■ **TASK GOAL**
Before you write out the listing, remove the pictures; everything else stays exactly as it is.

■ **SUPPLIED INFORMATION**
☆ ☆ ☆ ☆ ☆ ☆ ☆
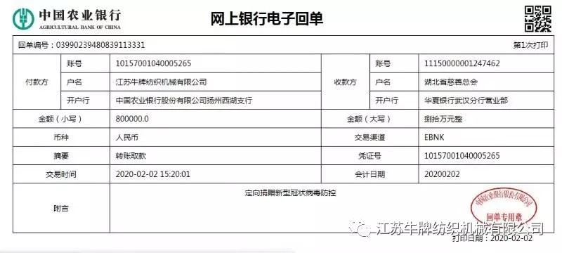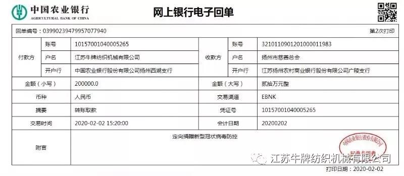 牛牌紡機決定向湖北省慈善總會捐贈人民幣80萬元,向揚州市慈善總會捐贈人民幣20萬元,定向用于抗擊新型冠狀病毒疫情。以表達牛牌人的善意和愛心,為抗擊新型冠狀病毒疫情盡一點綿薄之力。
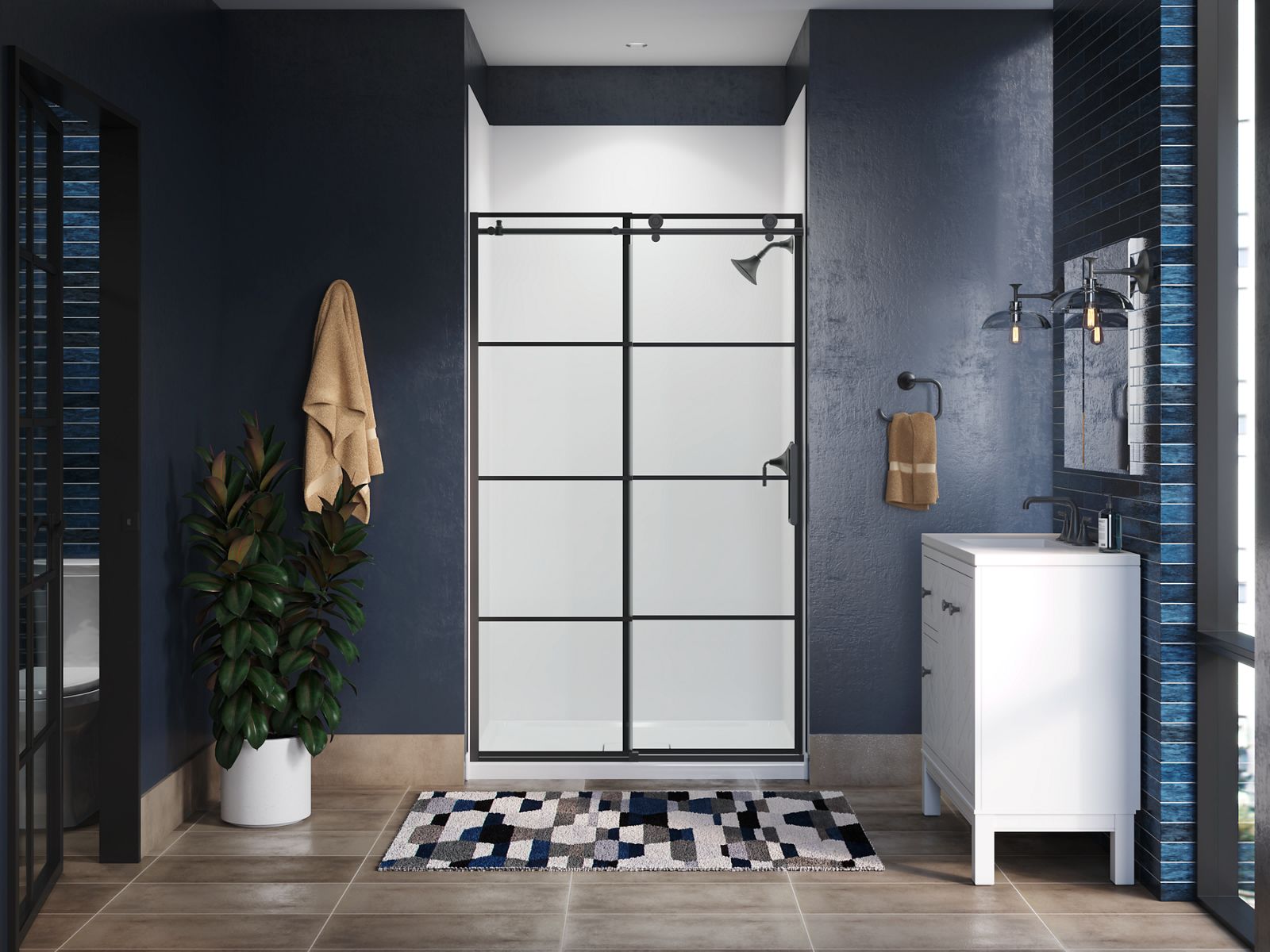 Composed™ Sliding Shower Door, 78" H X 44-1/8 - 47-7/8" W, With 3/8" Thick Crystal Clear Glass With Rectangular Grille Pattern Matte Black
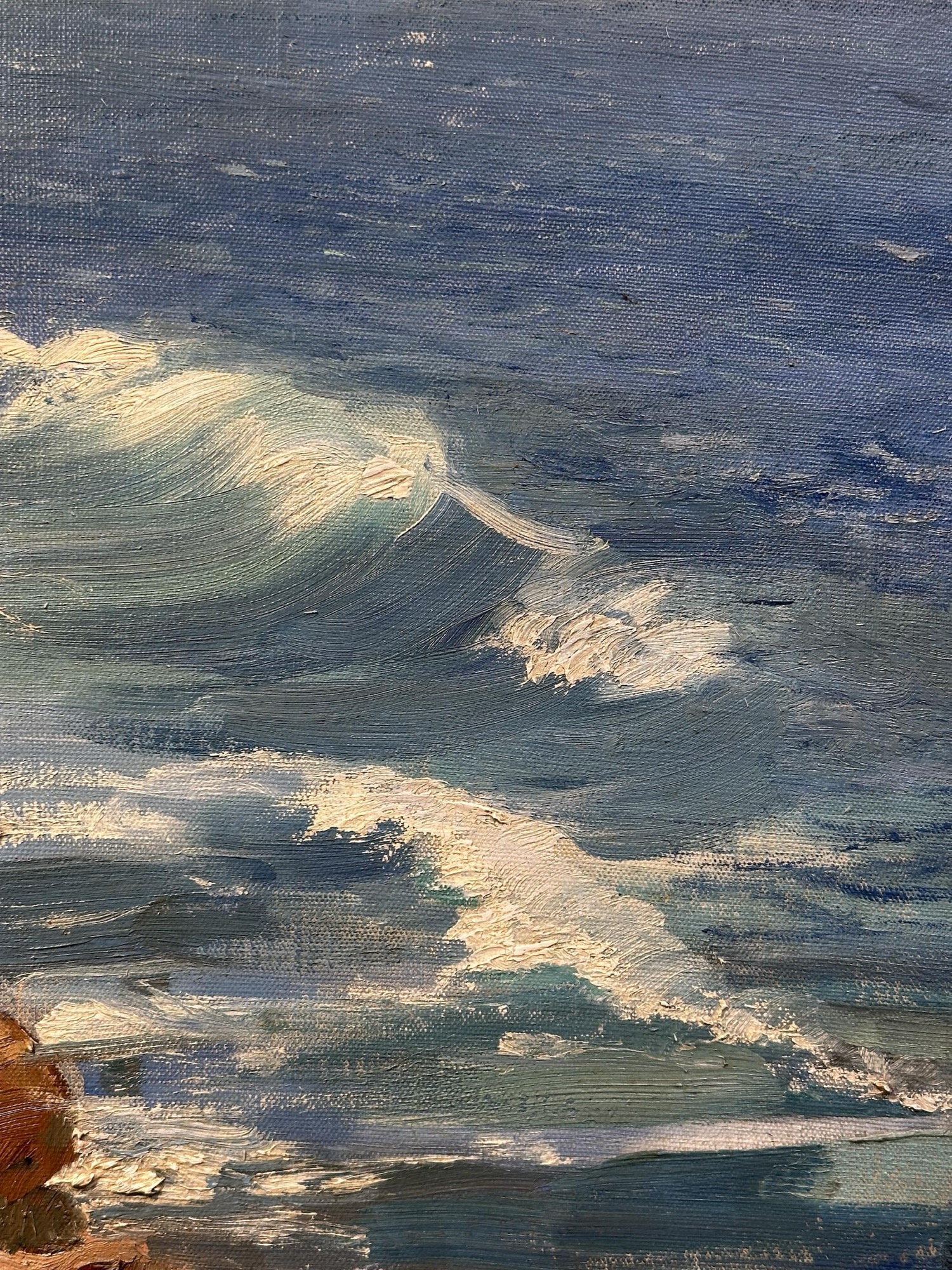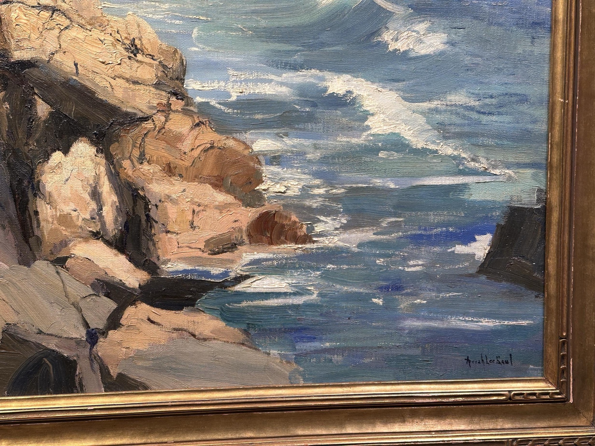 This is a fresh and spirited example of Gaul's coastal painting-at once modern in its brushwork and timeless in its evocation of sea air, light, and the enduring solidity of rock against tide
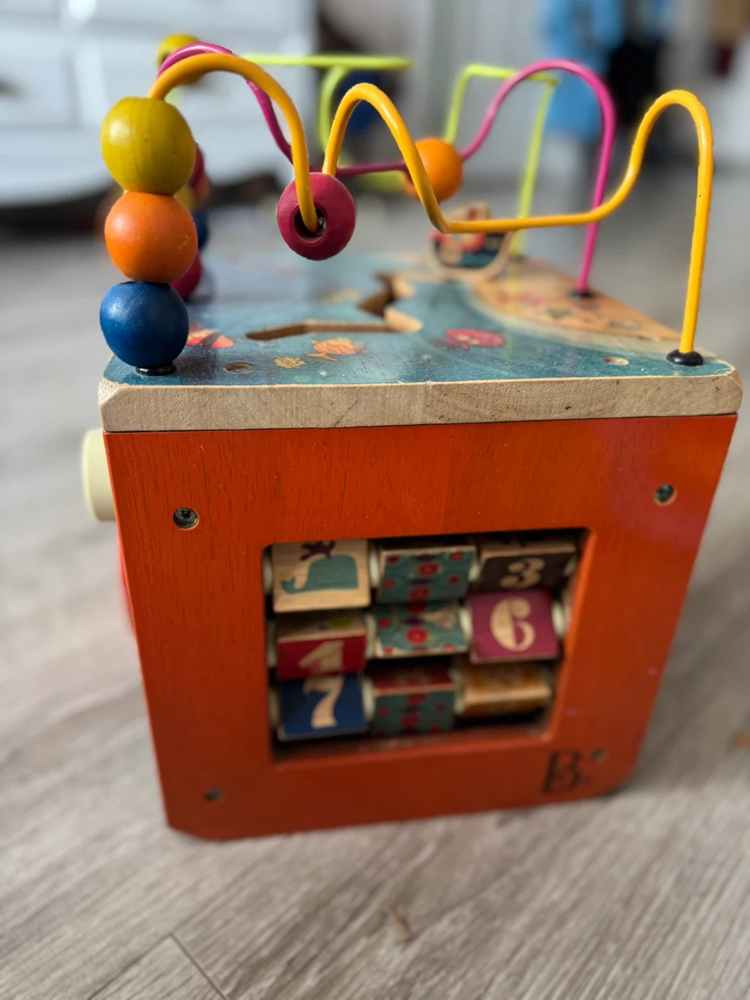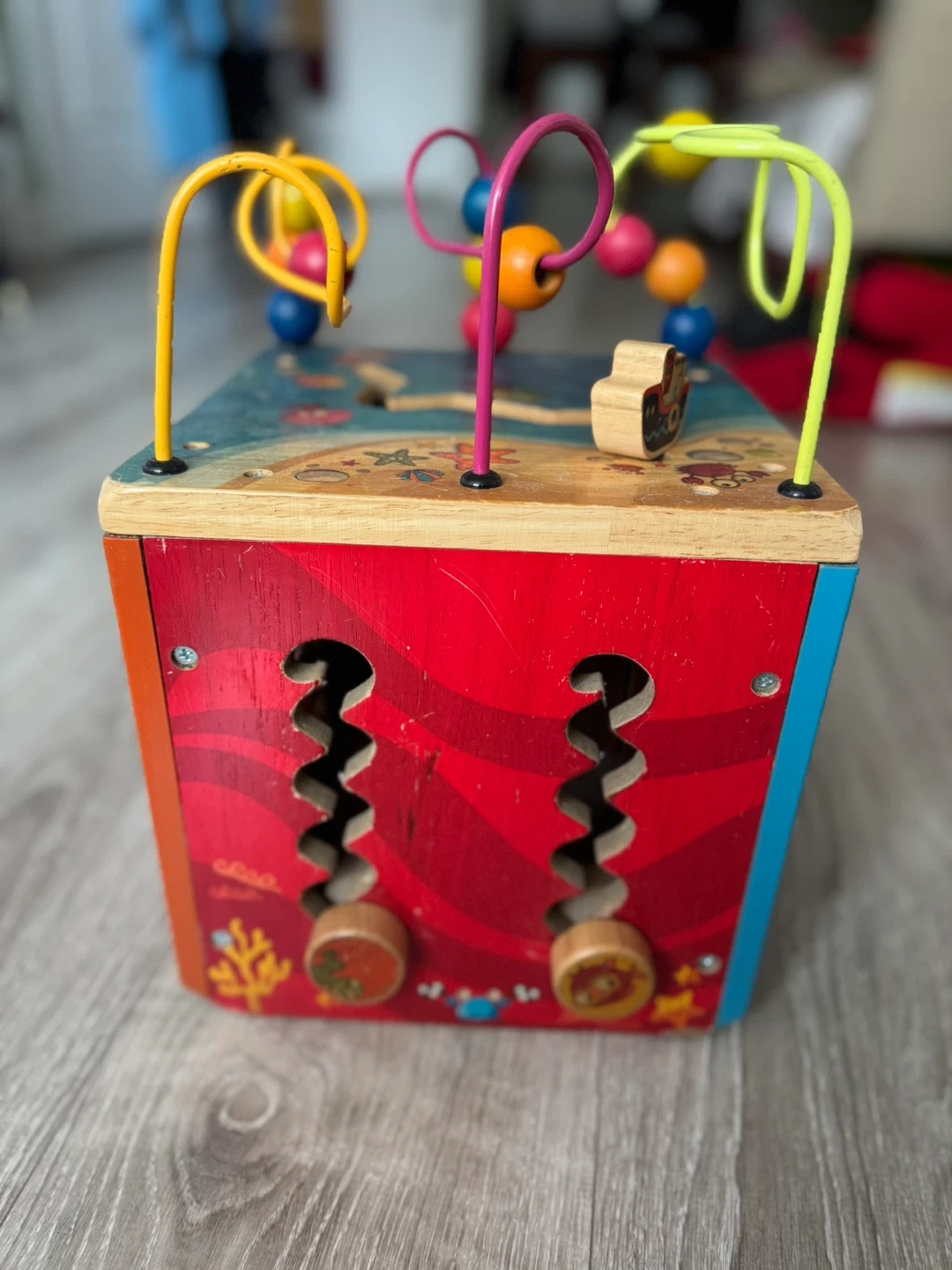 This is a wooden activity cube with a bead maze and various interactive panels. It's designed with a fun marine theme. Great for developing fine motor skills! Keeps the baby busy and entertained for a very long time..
☆ ☆ ☆ ☆ ☆ ☆ ☆
■ **EXERCISE RESULT**
 牛牌紡機決定向湖北省慈善總會捐贈人民幣80萬元,向揚州市慈善總會捐贈人民幣20萬元,定向用于抗擊新型冠狀病毒疫情。以表達牛牌人的善意和愛心,為抗擊新型冠狀病毒疫情盡一點綿薄之力。
 Composed™ Sliding Shower Door, 78" H X 44-1/8 - 47-7/8" W, With 3/8" Thick Crystal Clear Glass With Rectangular Grille Pattern Matte Black
 This is a fresh and spirited example of Gaul's coastal painting-at once modern in its brushwork and timeless in its evocation of sea air, light, and the enduring solidity of rock against tide
 This is a wooden activity cube with a bead maze and various interactive panels. It's designed with a fun marine theme. Great for developing fine motor skills! Keeps the baby busy and entertained for a very long time..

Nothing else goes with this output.